Thursday, December 09, 2010 2:29 PM
Do any of the following scenarios sound familiar to you? A group of young athletes arrives for a practice or game, and after piling out of the minivan, run right on to the field or court without anything close to a warm-up. How about the well-meaning coach who has athletes go through a series of static stretches (holding muscles in the stretched position so they can relax and elongate), immediately prior to explosive activities like running, jumping and throwing. Last but not least, remember that most young athletes are going through growth spurts, while simultaneously subjecting their bodies to endless hours of repetitive motions with the vast majority hardly ever stretching!
Yes, the topic of flexibility and young athletes is a slippery slope, and one full of confusion and misinformation. It's no wonder why so many kids either don't know how to stretch properly, or fail to appreciate the importance that improved flexibility can have on their overall health and performance. In this first of a three-part installment on stretching, I want to address not only the types of stretches that young athletes should be doing, but perhaps more importantly, the most appropriate times for each.
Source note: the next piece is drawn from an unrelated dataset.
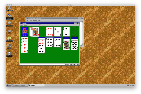 The Windows 95 seems to be like a full-fledged standalone version of Windows 95. It can run some of the applications including Notepad, Paint, Solitaire and Minesweeper. Other applications are not functional. One interesting thing to note here is that you don’t need to go through the entire booting process of the operating system, it starts as soon as you open the application.
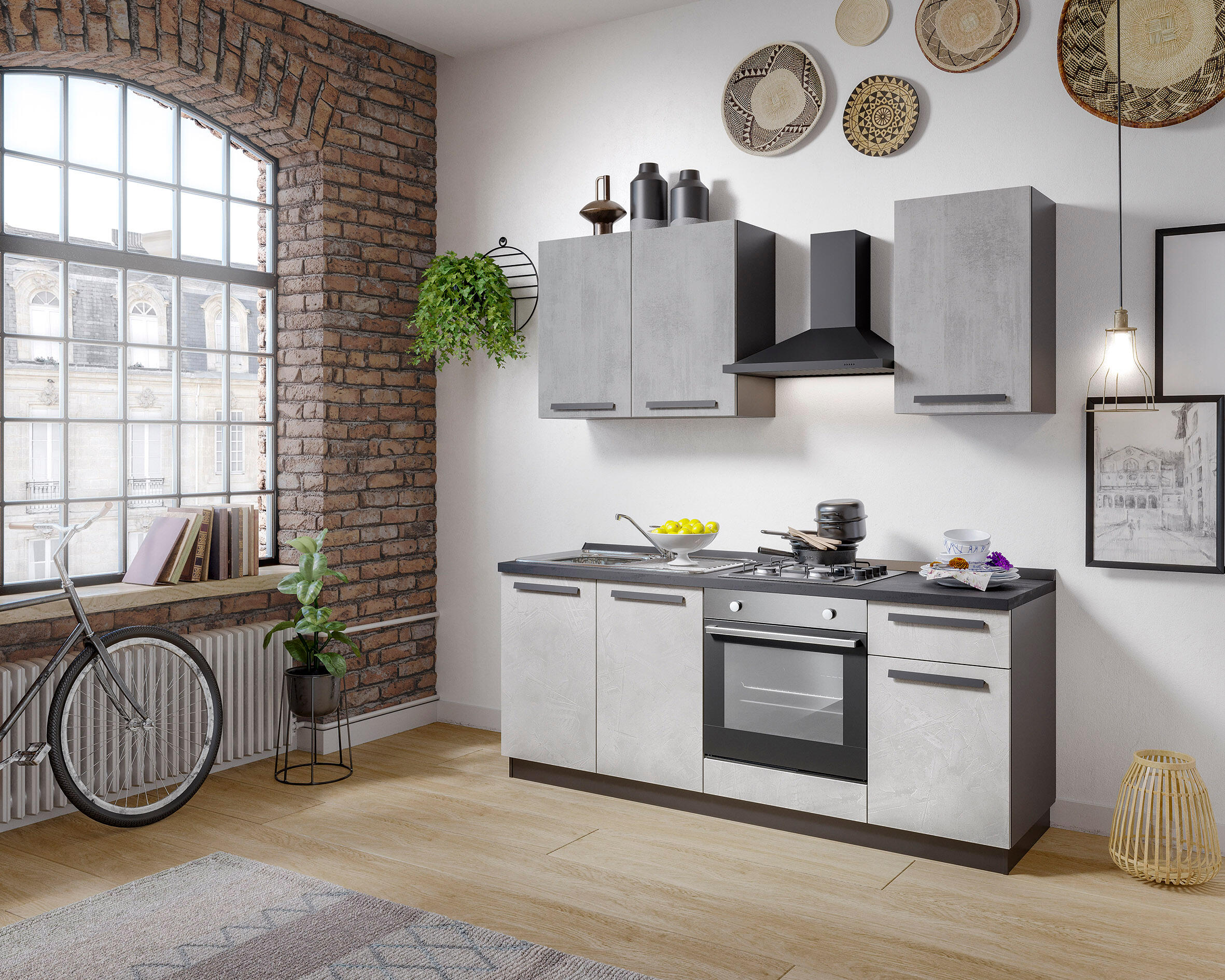 Dora è una cucina lineare di 195 cm, con lavello a sinistra e cappa aspirante Camino. Completa e pronta per l'installazione è fornita già montata. La cucina è composta da: forno, piano cottura, lavello, rubinetto, maniglie alluminio verniciato grigio, 1 cassetto ed 1 anta sottocassetto, ante delle basi colore effetto spatolato chiaro, pensili con ante effetto ossido grigio, struttura robusta colore antracite e top color pietra scuro, zoccolo ispezionabile con piedini livellabili.

The two major ways of improving flexibility that young athletes should focus on are static stretching and dynamic stretching. Static stretching involves placing a muscle (or group of muscles) in a stretched position and holding for a period of time (usually at least 30 seconds). These stretches are likely the type most familiar to you. Because these stretches help your muscles relax and attempt to return to their resting length, static stretches are best done following strenuous physical activity. Spending a good 10-20 minutes on static stretching after workouts, practices and games will not only aid your recovery efforts, but if done on a regular basis, can even help correct chronic muscle shortening that might negatively impact things like posture. You can find a listing of static stretches for every major muscle group, complete with pictures and descriptions here.
One of the few times that static stretching is not advised is prior to exercise or sports participation. In addition to not guarding against injuries, the same relaxing effect that static stretching has on your muscles is actually counterproductive to generating the speed and power you need during sports participation (1, 2). So, how do you adequately prepare your body during the warm-up period without static stretching? Stay tuned for Part II to find out!
1. Gleim & McHugh (1997), 'Flexibility and its effects on sports injury and performance,' Sports Medicine, 24(5), pp. 289-299.
2. Knudson, D., K. Bennet, R. Corn, D. Leick, and C. Smith. 2000. Acute Effects of Stretching Are Not Evident in the Kinematics of the Vertical Jump. Research Quarterly for Exercise and Sport vol. 71, no. 1 (Supplement), p. A-30.